Regulatory mechanisms of skeletal muscle protein turnover during exercise
Research output: Contribution to journal › Journal article › Research › peer-review
Skeletal muscle protein turnover is a relatively slow metabolic process that is altered by various physiological stimuli such as feeding/fasting and exercise. During exercise, catabolism of amino acids contributes very little to ATP turnover in working muscle. With regards to protein turnover, there is now consistent data from tracer studies in rodents and humans showing that global protein synthesis is blunted in working skeletal muscle. Whether there is altered skeletal muscle protein breakdown during exercise remains unclear. The blunting of protein synthesis is believed to be mediated by suppressed mRNA translation initiation and elongation steps involving, but not limited to, changes in eIF4E-binding protein 1 (4EBP1) and eukaryotic elongation factor-2 phosphorylation (eEF2), respectively.
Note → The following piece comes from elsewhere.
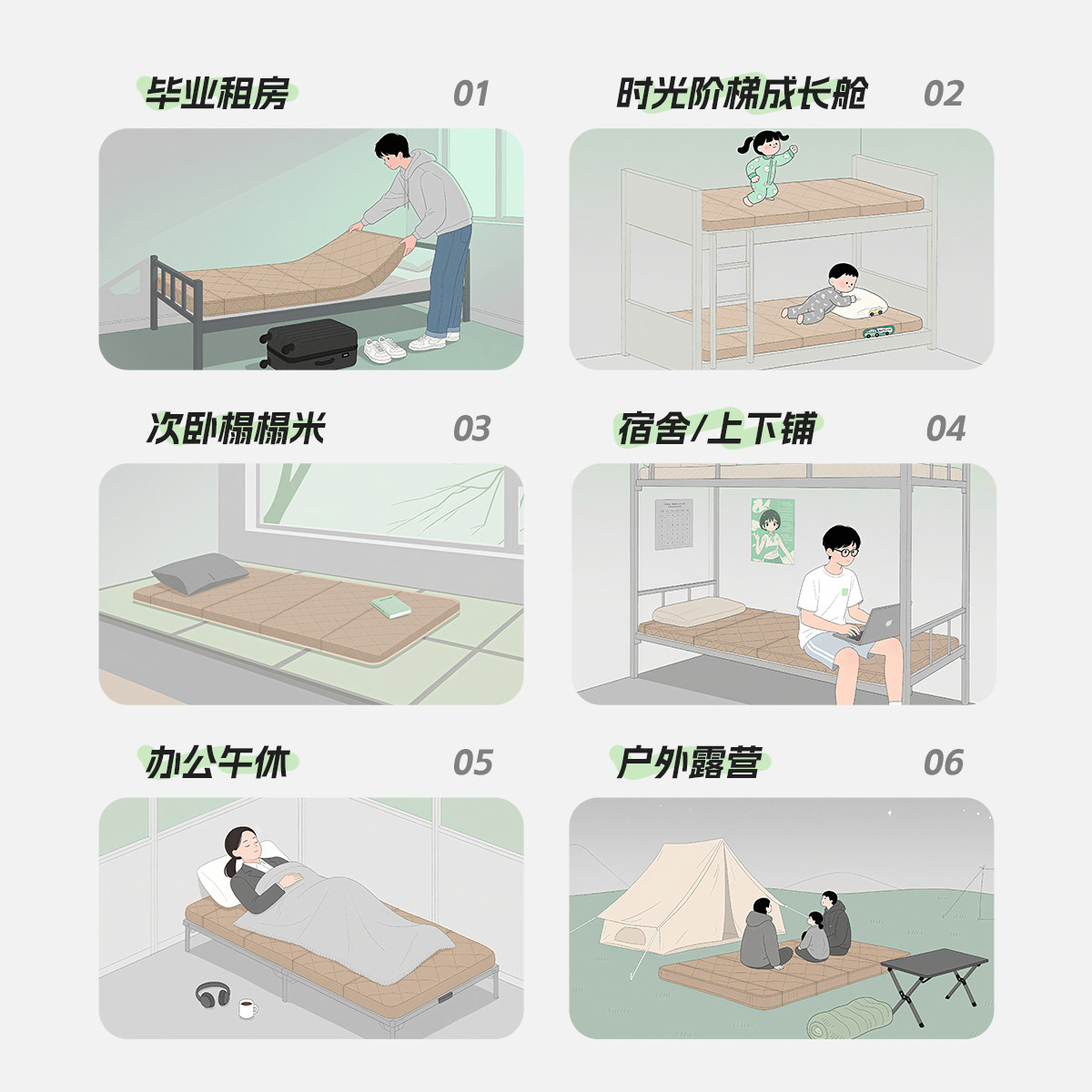 麻大师可折叠拆洗黄麻0胶水单人学生宿舍专用硬薄款90x200cm床垫

Evidence is provided that upstream signaling to translation factors is mediated by signaling downstream of changes in intracellular Ca(2+) and energy turnover. In particular, a signaling cascade involving Ca(2+)-calmodulin-eEF2 kinase-eEF2 is implicated. The possible functional significance of altered protein turnover in working skeletal muscle during exercise is discussed. Further work with available and new techniques will undoubtedly reveal the functional significance and signaling mechanisms behind changes in skeletal muscle protein turnover during exercise. Key words: Exercise, skeletal muscle, protein metabolism, translation.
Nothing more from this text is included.